(Extracted records)
------
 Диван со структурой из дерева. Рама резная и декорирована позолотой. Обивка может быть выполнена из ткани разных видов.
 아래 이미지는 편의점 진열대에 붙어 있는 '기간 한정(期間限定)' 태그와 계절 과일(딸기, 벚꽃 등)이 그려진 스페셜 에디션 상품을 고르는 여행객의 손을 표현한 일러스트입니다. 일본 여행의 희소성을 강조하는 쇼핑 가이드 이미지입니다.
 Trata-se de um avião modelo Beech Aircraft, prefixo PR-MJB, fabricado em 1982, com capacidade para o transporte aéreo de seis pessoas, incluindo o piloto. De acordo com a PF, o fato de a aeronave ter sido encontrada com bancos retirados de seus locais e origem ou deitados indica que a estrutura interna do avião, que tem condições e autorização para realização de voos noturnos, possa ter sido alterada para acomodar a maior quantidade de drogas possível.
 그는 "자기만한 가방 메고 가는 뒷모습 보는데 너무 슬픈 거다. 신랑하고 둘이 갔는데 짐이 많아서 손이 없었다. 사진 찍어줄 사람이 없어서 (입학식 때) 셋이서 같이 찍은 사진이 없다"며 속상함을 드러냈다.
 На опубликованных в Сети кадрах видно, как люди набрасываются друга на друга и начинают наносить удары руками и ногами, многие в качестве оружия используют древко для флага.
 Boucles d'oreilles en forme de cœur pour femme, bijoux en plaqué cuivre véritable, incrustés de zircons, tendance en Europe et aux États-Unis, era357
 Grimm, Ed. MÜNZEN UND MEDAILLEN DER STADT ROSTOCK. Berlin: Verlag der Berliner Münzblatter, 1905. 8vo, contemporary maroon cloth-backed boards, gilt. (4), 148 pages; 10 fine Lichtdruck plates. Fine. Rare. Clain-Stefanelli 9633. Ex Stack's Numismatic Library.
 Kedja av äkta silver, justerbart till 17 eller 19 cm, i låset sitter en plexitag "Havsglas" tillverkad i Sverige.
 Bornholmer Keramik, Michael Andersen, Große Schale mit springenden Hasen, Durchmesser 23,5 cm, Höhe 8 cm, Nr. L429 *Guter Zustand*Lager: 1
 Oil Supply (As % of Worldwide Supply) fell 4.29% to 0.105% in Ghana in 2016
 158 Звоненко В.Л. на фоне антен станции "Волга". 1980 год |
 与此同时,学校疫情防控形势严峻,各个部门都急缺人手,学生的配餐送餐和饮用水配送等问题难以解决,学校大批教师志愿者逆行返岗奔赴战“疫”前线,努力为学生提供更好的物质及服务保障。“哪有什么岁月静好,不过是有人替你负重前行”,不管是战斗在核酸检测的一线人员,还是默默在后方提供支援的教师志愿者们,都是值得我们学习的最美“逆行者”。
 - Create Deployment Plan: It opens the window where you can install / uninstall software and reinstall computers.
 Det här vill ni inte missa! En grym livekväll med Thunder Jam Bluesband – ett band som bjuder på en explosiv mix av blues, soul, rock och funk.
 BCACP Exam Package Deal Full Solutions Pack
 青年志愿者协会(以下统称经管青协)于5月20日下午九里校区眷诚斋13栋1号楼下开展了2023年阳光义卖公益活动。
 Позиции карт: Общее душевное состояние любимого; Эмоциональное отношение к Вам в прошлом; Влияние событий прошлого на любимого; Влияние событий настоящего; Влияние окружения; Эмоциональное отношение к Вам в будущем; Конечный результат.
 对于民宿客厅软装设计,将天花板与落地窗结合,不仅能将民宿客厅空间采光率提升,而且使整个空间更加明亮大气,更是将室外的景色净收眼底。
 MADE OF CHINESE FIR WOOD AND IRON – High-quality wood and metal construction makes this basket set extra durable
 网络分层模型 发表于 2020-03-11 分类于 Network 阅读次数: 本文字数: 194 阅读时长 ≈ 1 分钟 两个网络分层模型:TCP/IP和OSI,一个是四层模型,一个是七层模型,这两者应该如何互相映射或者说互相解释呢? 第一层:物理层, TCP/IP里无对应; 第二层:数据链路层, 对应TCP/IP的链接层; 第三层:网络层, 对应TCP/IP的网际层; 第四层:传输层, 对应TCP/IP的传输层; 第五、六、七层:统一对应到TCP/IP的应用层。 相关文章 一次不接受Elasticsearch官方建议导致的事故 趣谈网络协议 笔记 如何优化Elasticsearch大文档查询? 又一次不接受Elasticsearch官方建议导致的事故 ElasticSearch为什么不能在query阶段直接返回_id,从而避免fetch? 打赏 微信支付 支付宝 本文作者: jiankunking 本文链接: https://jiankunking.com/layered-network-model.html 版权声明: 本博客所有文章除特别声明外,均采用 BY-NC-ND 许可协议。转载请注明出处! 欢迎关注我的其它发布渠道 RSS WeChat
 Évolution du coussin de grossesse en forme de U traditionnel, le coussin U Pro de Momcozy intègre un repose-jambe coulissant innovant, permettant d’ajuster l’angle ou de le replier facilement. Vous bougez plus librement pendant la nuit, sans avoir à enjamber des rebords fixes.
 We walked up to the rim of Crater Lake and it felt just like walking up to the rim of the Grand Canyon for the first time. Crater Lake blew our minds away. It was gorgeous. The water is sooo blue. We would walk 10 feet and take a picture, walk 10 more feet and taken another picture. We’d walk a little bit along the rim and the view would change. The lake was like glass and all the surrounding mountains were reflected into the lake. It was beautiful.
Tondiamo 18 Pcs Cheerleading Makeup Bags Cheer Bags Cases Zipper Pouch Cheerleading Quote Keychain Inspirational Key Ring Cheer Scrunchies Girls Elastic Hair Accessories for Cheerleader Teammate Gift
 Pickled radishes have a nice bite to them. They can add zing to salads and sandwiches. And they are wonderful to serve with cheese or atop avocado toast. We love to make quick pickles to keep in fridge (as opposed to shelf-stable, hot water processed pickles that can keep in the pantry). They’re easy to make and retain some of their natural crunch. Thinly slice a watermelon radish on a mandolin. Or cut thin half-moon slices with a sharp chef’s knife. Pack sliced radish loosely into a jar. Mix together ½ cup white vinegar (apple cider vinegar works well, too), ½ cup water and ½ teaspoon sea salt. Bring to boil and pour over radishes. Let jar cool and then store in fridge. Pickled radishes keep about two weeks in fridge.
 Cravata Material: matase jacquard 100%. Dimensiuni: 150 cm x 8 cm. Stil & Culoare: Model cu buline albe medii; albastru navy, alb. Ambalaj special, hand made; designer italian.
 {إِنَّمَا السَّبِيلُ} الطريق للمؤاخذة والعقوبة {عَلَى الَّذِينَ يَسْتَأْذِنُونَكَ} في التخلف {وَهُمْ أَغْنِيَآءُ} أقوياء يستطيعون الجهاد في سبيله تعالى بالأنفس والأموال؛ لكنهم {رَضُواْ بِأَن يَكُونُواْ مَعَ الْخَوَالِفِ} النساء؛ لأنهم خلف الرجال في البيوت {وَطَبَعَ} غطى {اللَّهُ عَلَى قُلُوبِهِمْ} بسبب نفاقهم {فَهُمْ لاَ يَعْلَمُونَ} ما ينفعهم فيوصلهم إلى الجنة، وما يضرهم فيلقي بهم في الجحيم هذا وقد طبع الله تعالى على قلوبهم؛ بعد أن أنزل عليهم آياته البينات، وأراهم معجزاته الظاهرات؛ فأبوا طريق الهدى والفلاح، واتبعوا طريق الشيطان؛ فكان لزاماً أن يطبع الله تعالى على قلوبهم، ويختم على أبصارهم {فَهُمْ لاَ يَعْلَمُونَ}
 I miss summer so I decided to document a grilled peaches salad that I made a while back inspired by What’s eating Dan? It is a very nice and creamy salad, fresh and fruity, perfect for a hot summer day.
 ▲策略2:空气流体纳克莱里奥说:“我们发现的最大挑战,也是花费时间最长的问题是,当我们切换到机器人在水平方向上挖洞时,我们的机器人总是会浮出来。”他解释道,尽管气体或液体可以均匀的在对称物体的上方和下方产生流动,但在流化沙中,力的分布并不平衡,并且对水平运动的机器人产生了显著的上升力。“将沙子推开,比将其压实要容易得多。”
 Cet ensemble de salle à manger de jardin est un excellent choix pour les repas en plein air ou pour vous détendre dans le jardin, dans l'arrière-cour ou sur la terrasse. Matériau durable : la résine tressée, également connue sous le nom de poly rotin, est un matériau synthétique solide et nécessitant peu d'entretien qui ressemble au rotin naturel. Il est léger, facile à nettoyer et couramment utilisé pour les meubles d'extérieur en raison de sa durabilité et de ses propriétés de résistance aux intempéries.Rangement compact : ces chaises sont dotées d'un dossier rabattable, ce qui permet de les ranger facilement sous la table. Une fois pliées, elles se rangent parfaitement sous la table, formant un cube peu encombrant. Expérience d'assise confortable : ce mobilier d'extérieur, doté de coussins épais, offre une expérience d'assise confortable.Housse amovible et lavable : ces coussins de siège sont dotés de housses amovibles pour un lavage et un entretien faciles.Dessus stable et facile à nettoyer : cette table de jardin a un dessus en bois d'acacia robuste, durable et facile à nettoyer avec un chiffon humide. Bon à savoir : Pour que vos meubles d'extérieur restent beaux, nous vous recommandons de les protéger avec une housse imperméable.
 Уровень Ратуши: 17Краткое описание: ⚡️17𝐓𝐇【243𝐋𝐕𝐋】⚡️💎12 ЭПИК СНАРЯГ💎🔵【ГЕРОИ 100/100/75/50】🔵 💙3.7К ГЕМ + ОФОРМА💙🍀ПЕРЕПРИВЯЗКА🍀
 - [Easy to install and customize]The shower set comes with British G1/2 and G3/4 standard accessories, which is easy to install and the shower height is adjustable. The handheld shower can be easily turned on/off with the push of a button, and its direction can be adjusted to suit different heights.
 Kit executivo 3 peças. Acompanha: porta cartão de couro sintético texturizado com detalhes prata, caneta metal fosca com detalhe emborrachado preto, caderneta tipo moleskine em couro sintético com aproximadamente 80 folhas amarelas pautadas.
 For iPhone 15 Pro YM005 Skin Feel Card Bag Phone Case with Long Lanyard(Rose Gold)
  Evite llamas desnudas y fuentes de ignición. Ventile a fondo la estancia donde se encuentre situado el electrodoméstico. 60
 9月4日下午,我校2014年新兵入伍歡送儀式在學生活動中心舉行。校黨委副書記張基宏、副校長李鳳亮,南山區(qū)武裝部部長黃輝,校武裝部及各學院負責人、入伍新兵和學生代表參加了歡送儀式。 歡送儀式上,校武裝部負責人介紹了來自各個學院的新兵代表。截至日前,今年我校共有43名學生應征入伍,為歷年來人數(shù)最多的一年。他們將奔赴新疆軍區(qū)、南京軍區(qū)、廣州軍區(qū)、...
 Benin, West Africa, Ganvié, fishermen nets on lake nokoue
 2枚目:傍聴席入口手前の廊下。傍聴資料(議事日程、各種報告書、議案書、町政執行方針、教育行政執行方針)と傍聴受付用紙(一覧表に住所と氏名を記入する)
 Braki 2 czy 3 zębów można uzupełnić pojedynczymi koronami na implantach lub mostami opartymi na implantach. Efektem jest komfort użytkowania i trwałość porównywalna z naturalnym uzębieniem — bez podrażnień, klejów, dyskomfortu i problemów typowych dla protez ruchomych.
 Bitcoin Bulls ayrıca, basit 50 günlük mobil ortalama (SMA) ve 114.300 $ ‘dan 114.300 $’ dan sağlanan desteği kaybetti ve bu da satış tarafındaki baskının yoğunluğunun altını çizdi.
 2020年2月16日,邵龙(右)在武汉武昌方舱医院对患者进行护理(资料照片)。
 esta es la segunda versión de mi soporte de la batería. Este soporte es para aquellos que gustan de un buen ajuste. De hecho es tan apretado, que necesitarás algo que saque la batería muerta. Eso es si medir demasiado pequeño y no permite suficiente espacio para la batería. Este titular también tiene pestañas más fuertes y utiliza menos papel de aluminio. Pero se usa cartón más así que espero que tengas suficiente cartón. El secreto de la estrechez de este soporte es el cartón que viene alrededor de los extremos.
------
PROBLEM REQUIREMENTS> For each line of the data that has the word "nice", report that line.

RESPONSE TO THE EXERCISE>
 Pickled radishes have a nice bite to them. They can add zing to salads and sandwiches. And they are wonderful to serve with cheese or atop avocado toast. We love to make quick pickles to keep in fridge (as opposed to shelf-stable, hot water processed pickles that can keep in the pantry). They’re easy to make and retain some of their natural crunch. Thinly slice a watermelon radish on a mandolin. Or cut thin half-moon slices with a sharp chef’s knife. Pack sliced radish loosely into a jar. Mix together ½ cup white vinegar (apple cider vinegar works well, too), ½ cup water and ½ teaspoon sea salt. Bring to boil and pour over radishes. Let jar cool and then store in fridge. Pickled radishes keep about two weeks in fridge.
 I miss summer so I decided to document a grilled peaches salad that I made a while back inspired by What’s eating Dan? It is a very nice and creamy salad, fresh and fruity, perfect for a hot summer day.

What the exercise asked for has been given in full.